By default, Elasticsearch uses row-based storage (the _source field), where each field has an associated inverted index created for it, but it also supports optional columnar storage (docvalue). Generally, row-based storage is essential in Elasticsearch because it lays the foundation for raw detailed data queries.

Storage space consumption, or more straightforward, storage cost, is a big concern for users. This is another pain point of Elasticsearch - it creates huge storage costs.

Apache Doris community have made a lot of optimizations and successfully reduced the storage cost significantly. We have put a lot of work to simplify inverted index, which is supported in Doris since version 2.0, and it now takes up much less space. Doris supports the ZSTD algorithm, which is much more efficient than GZIP and LZ4, and it can reach a data compression ratio of 5:1 ~ 10:1. Since the compression ratio of Elasticsearch is usually about 1.5:1, Doris is 3~5 times more efficient than Elasticsearch in data compression.

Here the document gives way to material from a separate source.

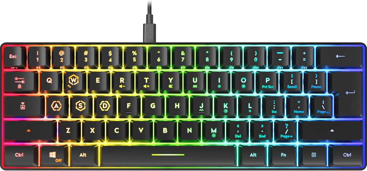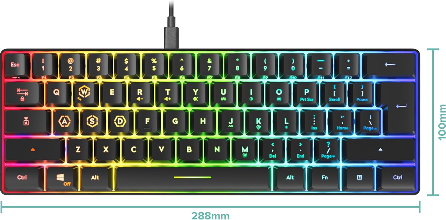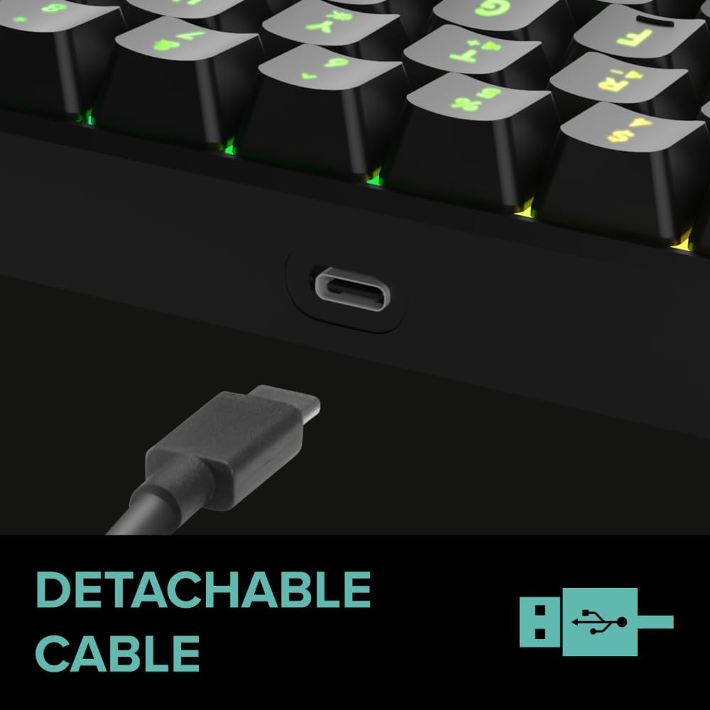 Die Gaming-Tastatur LETOS RGB 60 % vereint stilvolles Design mit hoher Funktionalität. Die umfangreiche RGB-Beleuchtung bietet sowohl monochrome als auch mehrfarbige Modi, die nach Wunsch ausgewählt und auch ausgeschaltet werden können. Die Tastatur zeichnet sich durch ihre kompakte Größe von 60 % aus und ist mit einem 1,5 Meter langen, abnehmbaren USB-C-auf-USB-A-Kabel ausgestattet. Eine Funktionserweiterung ist über FN-Tastenkombinationen möglich. Die 25-Tasten-Anti-Ghosting-Technologie ermöglicht jederzeit präzise Eingaben. Mit einer USB-Abfragerate von 1.000 Hz ist eine schnelle und zuverlässige Reaktionsfähigkeit gewährleistet. Die verstellbare Höhenverstellung und die rutschfesten Füße sorgen für optimalen Komfort.

As demonstrated in the httplogs test results table above, 32GB of raw data occupies 3.2GB in Doris, whereas Elasticsearch defaults to 19.4GB. Even with the latest logsdb optimization mode enabled, Elasticsearch still consumes 11.7GB. Compared to Elasticsearch, Doris reduces storage space by 83% (73% with logsdb enabled).

Table model

Apache Doris provides three data models. As for Elasticsearch, I put it as "one and two half" models because it only provides limited support for certain data storage models. I will get to them one by one.

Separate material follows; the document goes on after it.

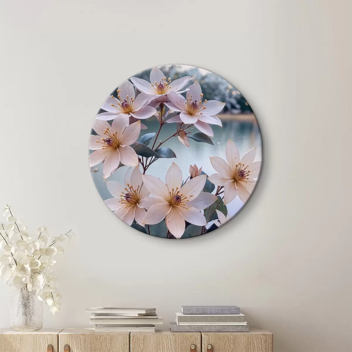 Кругла картина Ніжні рожеві квіти лотоса плавають на спокійній воді з розмитим фоном дерев і листя Nr r40388

  • The first is the Duplicate model, which means it allows data duplication. This is suitable for storing logs. Both Doris and Elasticsearch support this model.

  • The second is the primary key model. It works like OLTP databases, which means the data will be deduplicated by key. The primary key model in Doris provides high performance and many user-friendly features. Just like many databases, you can define one or multiple fields as the primary and unique key.

    • However, in Elasticsearch, you can only use a special field _id as the unique identifier for a document (a row in database). Unlike database primary key, there are many limitations for it.

    • The _id field can not be used for aggregation or sorting

    • The _id field can not be larger than 512 bytes

    • The _id field can not be multiple fields, so you will need to combine the multiple fields into one before you can use them as the primary key, but the length of the combined _id can still not exceed 512 bytes.

  • The third is the aggregation model, which means data will be aggregated or rolled up.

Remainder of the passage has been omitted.